Problem to solve: Quote exactly and only this range of lines in the data below: the line that holds "The interior is" to the line that holds "Spacious balcony overlooking", both included.

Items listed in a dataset
------------------------------
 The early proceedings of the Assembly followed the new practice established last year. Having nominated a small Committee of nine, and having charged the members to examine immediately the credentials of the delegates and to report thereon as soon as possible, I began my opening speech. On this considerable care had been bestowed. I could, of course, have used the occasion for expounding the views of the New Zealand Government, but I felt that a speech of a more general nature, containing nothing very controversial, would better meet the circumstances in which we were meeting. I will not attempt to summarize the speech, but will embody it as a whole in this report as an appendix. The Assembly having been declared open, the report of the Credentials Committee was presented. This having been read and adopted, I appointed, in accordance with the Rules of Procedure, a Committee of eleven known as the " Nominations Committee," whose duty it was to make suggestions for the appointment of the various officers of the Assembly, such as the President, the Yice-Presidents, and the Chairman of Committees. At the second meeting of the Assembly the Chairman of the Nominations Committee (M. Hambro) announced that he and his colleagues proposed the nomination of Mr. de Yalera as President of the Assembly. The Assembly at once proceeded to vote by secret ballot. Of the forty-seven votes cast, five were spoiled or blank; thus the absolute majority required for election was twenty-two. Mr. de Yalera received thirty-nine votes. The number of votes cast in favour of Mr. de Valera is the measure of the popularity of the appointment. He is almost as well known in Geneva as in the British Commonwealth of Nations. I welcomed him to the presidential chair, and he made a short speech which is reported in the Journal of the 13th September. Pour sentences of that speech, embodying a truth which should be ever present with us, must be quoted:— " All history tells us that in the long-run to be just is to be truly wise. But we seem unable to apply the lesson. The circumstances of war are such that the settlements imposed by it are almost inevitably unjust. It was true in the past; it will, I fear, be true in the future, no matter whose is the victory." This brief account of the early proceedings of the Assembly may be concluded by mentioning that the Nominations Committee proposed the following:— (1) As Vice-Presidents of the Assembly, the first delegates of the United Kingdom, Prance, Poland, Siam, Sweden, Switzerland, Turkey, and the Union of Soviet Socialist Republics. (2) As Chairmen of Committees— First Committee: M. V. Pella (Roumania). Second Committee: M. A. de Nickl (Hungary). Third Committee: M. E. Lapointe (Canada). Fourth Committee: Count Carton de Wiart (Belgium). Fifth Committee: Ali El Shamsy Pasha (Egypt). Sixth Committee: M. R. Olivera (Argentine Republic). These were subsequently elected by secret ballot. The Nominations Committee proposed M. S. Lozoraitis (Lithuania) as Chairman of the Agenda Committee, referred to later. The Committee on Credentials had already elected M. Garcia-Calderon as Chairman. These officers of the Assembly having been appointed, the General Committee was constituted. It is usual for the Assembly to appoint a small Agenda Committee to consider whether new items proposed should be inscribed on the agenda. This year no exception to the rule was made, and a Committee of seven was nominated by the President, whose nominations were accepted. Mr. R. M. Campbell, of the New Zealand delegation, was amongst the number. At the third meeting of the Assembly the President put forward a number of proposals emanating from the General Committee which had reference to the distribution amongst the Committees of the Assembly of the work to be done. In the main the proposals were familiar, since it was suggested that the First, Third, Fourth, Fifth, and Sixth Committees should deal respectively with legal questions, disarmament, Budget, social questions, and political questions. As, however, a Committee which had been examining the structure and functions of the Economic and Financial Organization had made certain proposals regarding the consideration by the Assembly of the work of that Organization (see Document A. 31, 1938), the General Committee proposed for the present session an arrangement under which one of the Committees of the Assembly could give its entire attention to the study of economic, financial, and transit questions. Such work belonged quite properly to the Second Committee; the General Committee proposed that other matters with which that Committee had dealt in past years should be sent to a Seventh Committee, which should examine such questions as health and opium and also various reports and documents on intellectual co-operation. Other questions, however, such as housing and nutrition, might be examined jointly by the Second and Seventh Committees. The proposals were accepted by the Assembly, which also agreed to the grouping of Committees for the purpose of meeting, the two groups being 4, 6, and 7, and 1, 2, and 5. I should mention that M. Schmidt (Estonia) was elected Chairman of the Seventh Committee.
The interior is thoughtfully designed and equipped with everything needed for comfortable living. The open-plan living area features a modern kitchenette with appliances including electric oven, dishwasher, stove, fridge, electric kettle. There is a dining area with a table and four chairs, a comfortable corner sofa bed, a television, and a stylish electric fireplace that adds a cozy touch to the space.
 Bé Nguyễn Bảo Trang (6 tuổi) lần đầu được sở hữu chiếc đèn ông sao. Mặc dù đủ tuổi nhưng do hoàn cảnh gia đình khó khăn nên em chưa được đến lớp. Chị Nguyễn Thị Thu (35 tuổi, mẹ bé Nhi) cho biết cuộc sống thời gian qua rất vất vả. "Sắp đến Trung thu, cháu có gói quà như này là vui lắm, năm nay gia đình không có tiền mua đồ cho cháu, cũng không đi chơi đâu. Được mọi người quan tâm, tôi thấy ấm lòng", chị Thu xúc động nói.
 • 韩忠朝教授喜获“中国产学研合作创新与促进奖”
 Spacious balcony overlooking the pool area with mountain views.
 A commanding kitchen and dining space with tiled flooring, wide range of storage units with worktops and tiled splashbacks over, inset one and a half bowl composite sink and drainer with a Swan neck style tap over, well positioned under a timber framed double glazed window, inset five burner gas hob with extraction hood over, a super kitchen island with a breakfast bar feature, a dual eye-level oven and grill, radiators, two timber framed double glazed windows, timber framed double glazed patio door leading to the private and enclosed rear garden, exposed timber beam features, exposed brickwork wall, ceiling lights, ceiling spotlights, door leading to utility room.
------------------------------
Output for this exercise:
The interior is thoughtfully designed and equipped with everything needed for comfortable living. The open-plan living area features a modern kitchenette with appliances including electric oven, dishwasher, stove, fridge, electric kettle. There is a dining area with a table and four chairs, a comfortable corner sofa bed, a television, and a stylish electric fireplace that adds a cozy touch to the space.
 Bé Nguyễn Bảo Trang (6 tuổi) lần đầu được sở hữu chiếc đèn ông sao. Mặc dù đủ tuổi nhưng do hoàn cảnh gia đình khó khăn nên em chưa được đến lớp. Chị Nguyễn Thị Thu (35 tuổi, mẹ bé Nhi) cho biết cuộc sống thời gian qua rất vất vả. "Sắp đến Trung thu, cháu có gói quà như này là vui lắm, năm nay gia đình không có tiền mua đồ cho cháu, cũng không đi chơi đâu. Được mọi người quan tâm, tôi thấy ấm lòng", chị Thu xúc động nói.
 • 韩忠朝教授喜获“中国产学研合作创新与促进奖”
 Spacious balcony overlooking the pool area with mountain views.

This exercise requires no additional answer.